Les patrons du Québec rejettent la charte de la laïcité et demandent au gouvernement Marois d'y renoncer.

Même si le champ d'application du projet de loi 60, qui encadre la charte de la laïcité, se limite au secteur public, les chefs d'entreprise craignent son effet d'entraînement sur le secteur privé.

C'est du moins la thèse défendue par le Conseil du patronat, venu exposer jeudi la position alarmiste de ses membres aux parlementaires, dans le cadre de la consultation publique menée sur le projet de loi 60.

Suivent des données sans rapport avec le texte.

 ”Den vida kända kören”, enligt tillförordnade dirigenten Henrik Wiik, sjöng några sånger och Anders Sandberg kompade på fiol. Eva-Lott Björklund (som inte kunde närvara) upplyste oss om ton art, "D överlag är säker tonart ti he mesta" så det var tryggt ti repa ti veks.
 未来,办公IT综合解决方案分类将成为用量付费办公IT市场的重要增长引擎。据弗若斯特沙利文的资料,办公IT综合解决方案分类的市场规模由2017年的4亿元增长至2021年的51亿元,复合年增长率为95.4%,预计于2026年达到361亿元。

Pourtant, le projet de loi 60 ne vise que les employés de l'État, qui se verraient interdire de porter des signes religieux ostentatoires, par souci de préserver la neutralité de l'État sur le plan religieux.

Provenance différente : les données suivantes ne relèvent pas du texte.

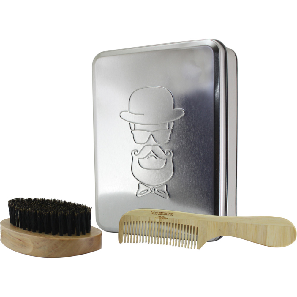 Σετ περιποίησης γενειάδας σε μεταλλική κασετίνα.
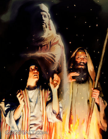 Witch of Endor 1 Samuel 28:12-16 flame, dead, communicate, conjure, woman, man, medium, guidance, fear, foreboding, scared, disguise, endor, forbidden, magic, occult, spiritualism, ghost, samuel, saul, smoke, sorceress, spirit, king, disobedient, prophet, fire, satanic, frightened, evil, witch, witchcraft PROJECTION - License for PowerPoint™ PRINT – buy a print of this picture; optional frame Bible Hub |
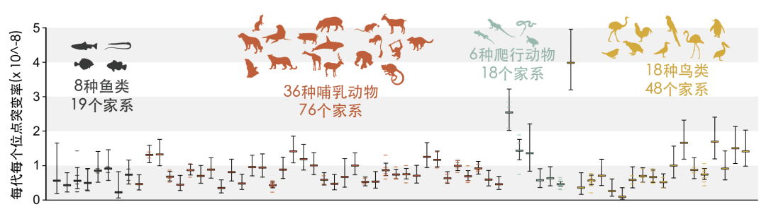 我们通过对涵盖哺乳动物、鸟类、爬行类和鱼类等68种脊椎动物323个家系的高深度基因组测序分析,利用我们建立起来的统一分析方法对每个物种新生突变的发生率进行了准确的测量,为理解新发突变发生率的种间差异提供了基础。
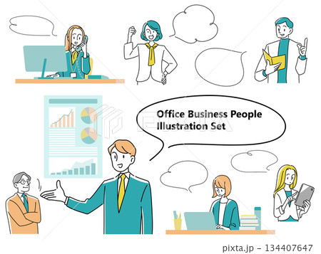 商業插畫素材集的講話泡泡和微笑的男女總裁_Color
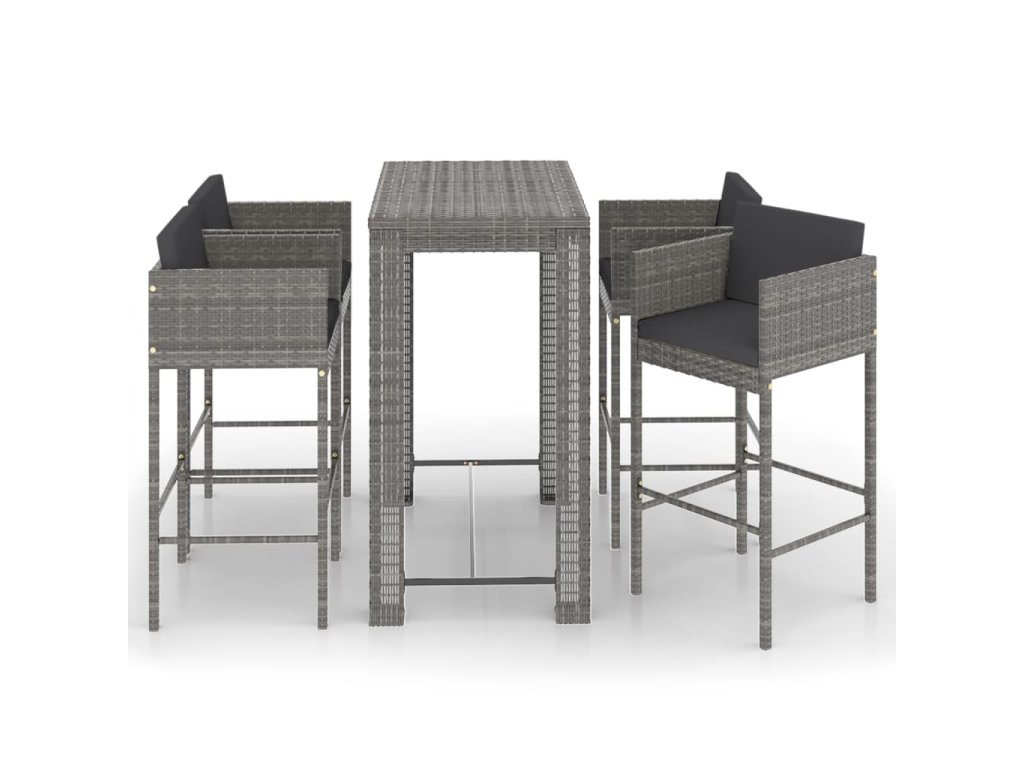 5dílný zahradní barový set s poduškami polyratan šedý 3094785

Mais cela n'apaise en rien les craintes des employeurs. Le Conseil du patronat dit avoir consulté une centaine de ses membres sur le sujet et le jugement de l'organisme est sans appel: la charte de la laïcité de l'État va créer un climat d'intolérance et de division au sein de la société québécoise, ce qui nuira à la prospérité du Québec.

Dans son mémoire, le Conseil indique que les employeurs consultés ont affirmé ne pas avoir de problème particulier avec les signes religieux portés par leurs employés, et pas davantage avec les demandes d'accommodement. Il serait donc inutile d'intervenir pour encadrer ces questions.

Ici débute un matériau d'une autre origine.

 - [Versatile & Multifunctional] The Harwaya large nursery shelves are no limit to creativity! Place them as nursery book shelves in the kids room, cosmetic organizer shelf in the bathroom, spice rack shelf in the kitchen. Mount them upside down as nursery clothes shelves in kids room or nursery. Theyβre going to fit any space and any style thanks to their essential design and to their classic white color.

Ils justifient leur demande de retrait du projet de loi 60 par le fait qu'ils estiment être visés directement par la charte chaque fois qu'ils transigeront avec l'État et indirectement parce que l'image du Québec pourrait être affectée négativement.

Les employeurs membres du Conseil du patronat disent aussi anticiper avoir plus de difficulté à attirer et retenir des travailleurs qualifiés à l'avenir, tant au Québec qu'à l'étranger, si la charte est adoptée. Même constat négatif en ce qui a trait aux investissements étrangers.

Ils estiment aussi que la charte viendra à l'encontre des politiques de diversité en matière d'embauche mises en place depuis des années par de nombreux chefs d'entreprise, en guise d'ouverture aux immigrants et représentants des différentes communautés culturelles du Québec.

Plus précisément, une des peurs du monde patronal est liée à l'article 10 du projet de loi, qui stipule que Québec pourrait étendre l'application de la charte à toute personne ou entreprise avec laquelle un organisme public a «un contrat de service ou une entente de subvention».

Le Conseil se demande comment, concrètement, le gouvernement s'y prendra pour appliquer cet article du projet de loi, qui «préoccupe grandement les employeurs issus du secteur privé qui sont en relation avec l'État», peut-on lire dans le mémoire.

Les patrons dont certains employés affichent des signes religieux ont dit appréhender le fait que «le projet de loi éveille chez certains membres du public des réactions hostiles à ces employés et à leurs entreprises».

En extrapolant, le Conseil du patronat va jusqu'à redouter que la population fasse pression sur le gouvernement pour qu'il étende l'application de la charte «à l'ensemble des entreprises québécoises», un scénario qu'il désapprouve d'emblée.